- [SOURCE DATA]
****

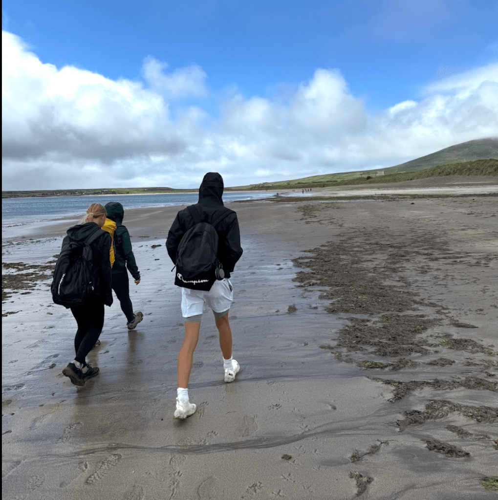 The days blurred into a mix of mud, long sandy beaches, freezing swims in the Atlantic, climbing over stiles, and giving nervous side-eye to cows guarding farmer’s fields. On Day 1, we staggered into Dingle just in time for a late lunch and promptly fell asleep at the table, waking only when the food arrived. On other days we found ourselves wading through puddles, dodging rain showers, and still managing to laugh through it all.
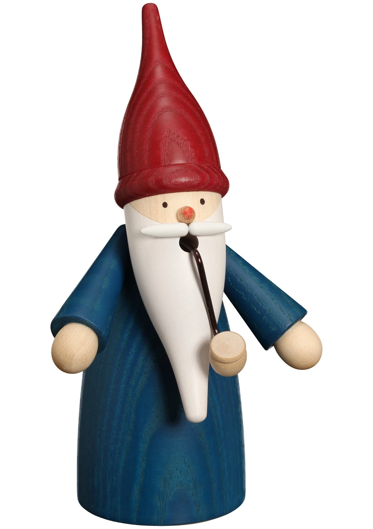 German Incense Smoker Gnome Blue, Height 16 Cm / 6 Inch, Original Erzgebirge By Seiffener Volkskunst SV 12301/2
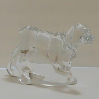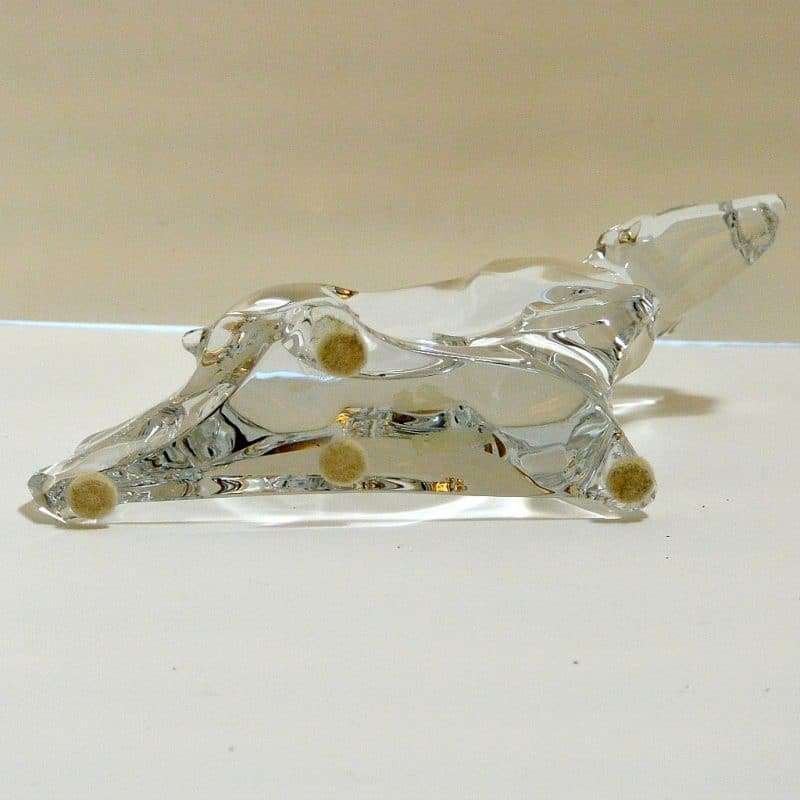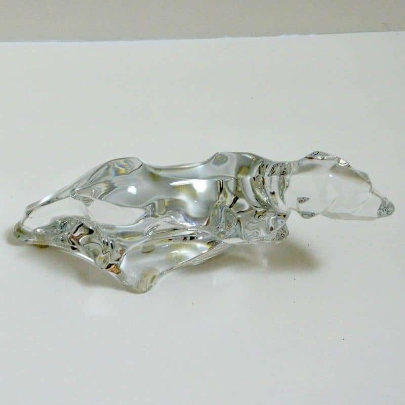 This elegant figurine was designed by B.Augst for Baccarat of France. He measures a full 4″ tall x 7″ long x 1 1/2″ wide, and he is in mint condition.
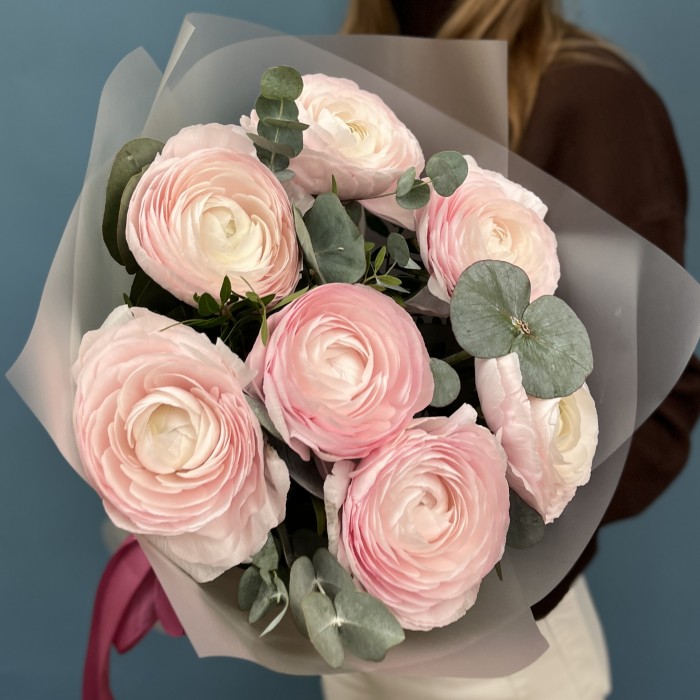 Композиция из 7 пышных розовых ранункулюсов с эвкалиптом — это яркое выражение заботы и любви. Такой нежный и стильный букет обязательно принесет радость и умиротворение тому, кто его получит!

****

- [TASK ITEM]
All of the data should come back exactly as written, but without pictures.

- [RESULT OF THE EXERCISE]
 The days blurred into a mix of mud, long sandy beaches, freezing swims in the Atlantic, climbing over stiles, and giving nervous side-eye to cows guarding farmer’s fields. On Day 1, we staggered into Dingle just in time for a late lunch and promptly fell asleep at the table, waking only when the food arrived. On other days we found ourselves wading through puddles, dodging rain showers, and still managing to laugh through it all.
 German Incense Smoker Gnome Blue, Height 16 Cm / 6 Inch, Original Erzgebirge By Seiffener Volkskunst SV 12301/2
 This elegant figurine was designed by B.Augst for Baccarat of France. He measures a full 4″ tall x 7″ long x 1 1/2″ wide, and he is in mint condition.
 Композиция из 7 пышных розовых ранункулюсов с эвкалиптом — это яркое выражение заботы и любви. Такой нежный и стильный букет обязательно принесет радость и умиротворение тому, кто его получит!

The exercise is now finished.